Remember when Sam Altman the CEO of OpenAI called ads in AI “uniquely unsettling”and a “last resort“. About 18 months later, OpenAI is reconsidering, warming up the idea of ads in ChatGPT. Altman still says he dislikes ads and finds them unsettling in an AI context, but he hasn’t ruled them out, stressing they would need to be handled with extreme care.
The decision comes as OpenAI scrambles to unlock new revenue streams from its roughly 800 million monthly users, as it looks to cover the estimated $1.4 trillion it has pledged for AI infrastructure over the next eight years. Altman said in November that the company anticipated reaching about $20 billion in annual revenue by the end of 2025.
The move could be controversial, since users often share personal information with chatbots, and it would increase pressure on OpenAI to avoid promoting harmful products, especially amid lawsuits alleging ChatGPT encouraged suicides.

ChatGPT goes further
OpenAI is taking the next step in expanding access to ChatGPT without sacrificing the user experience. Since August, the $8 per-month ChatGPT Go subscription has rolled out across 171 countries, offering features like conversational messaging, image generation, file uploads, and extended memory. That momentum is now continuing with an upcoming U.S. launch.
Alongside the expansion, OpenAI is beginning to test ads in ChatGPT’s free tier for logged-in U.S. users over 18. The Go plan, positioned between Free and Plus will also include ads while delivering upgraded capabilities such as longer memory and increased image creation. Higher-tier subscriptions, including Plus ($20/month), Pro ($20 month), and Business, will remain ad-free.

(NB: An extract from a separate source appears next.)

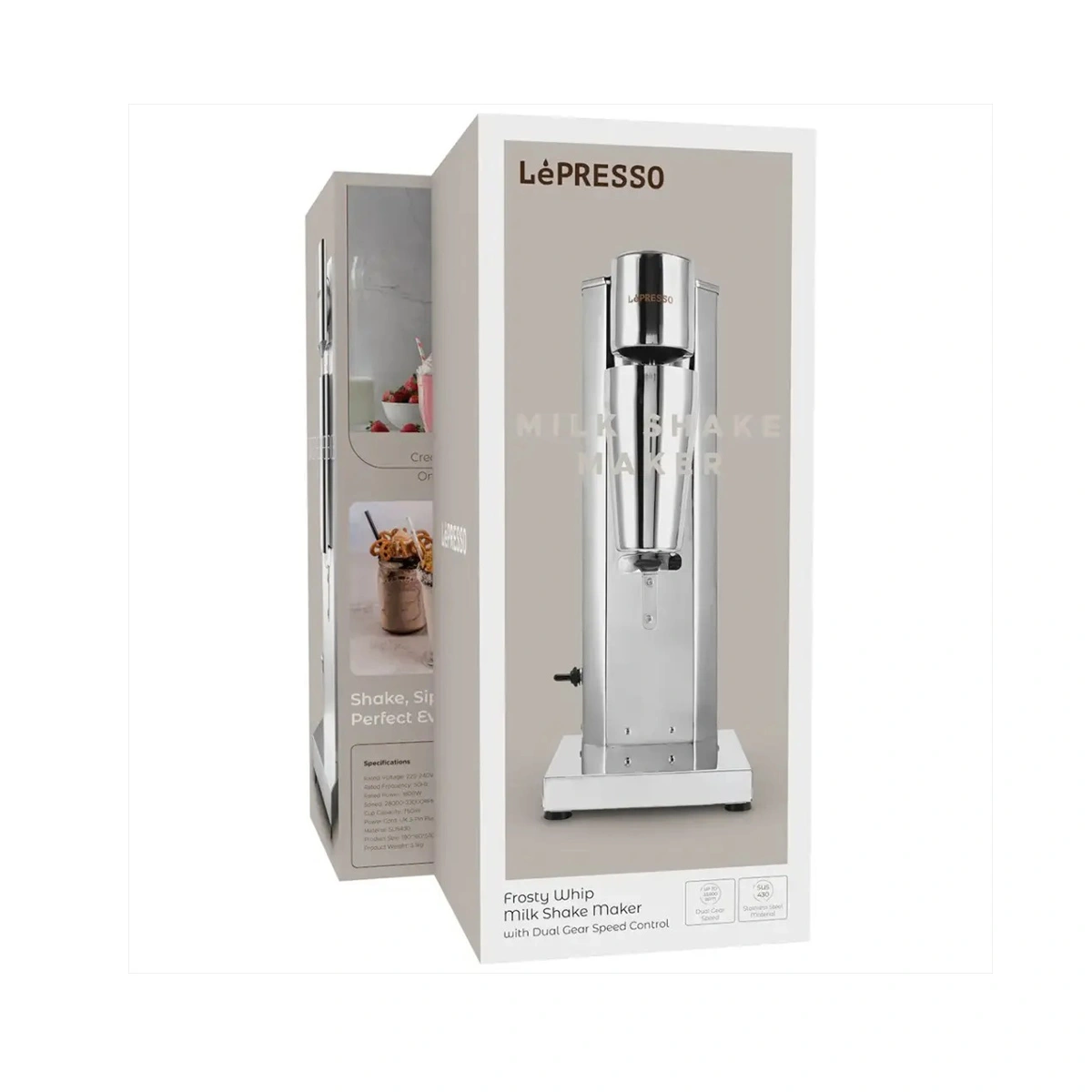 LePresso Frosty Whip Milk Shake Maker برای کسانی طراحی شده است که میخواهند در خانه یا کافیبار کوچک خود، شیک و فِرَپهای با کیفیت نزدیک به کافه داشته باشند. این شیکساز رومیزی با موتور ۲۸۰ واتی و سرعت ۷۰۰۰ تا ۱۵۰۰۰ دور در دقیقه، قدرت کافی برای میکس سریع شیر، بستنی، یخ و افزودنیها را دارد و با هر دو سطح سرعت پایین و بالا، بافتهای مختلفی از شیک نرم تا فِرَپه غلیظ را پوشش میدهد.

To expand access even more, OpenAI plans to thoughtfully introduce advertising within the Free and Go tiers, creating a more flexible way for users to access advanced capabilities with fewer restrictions. Importantly, this approach keeps the experience clean and intentional: premium plans – including Pro, Business, and Enterprise will remain completely ad-free. The result is a more balanced model that expands access and keeps users in control.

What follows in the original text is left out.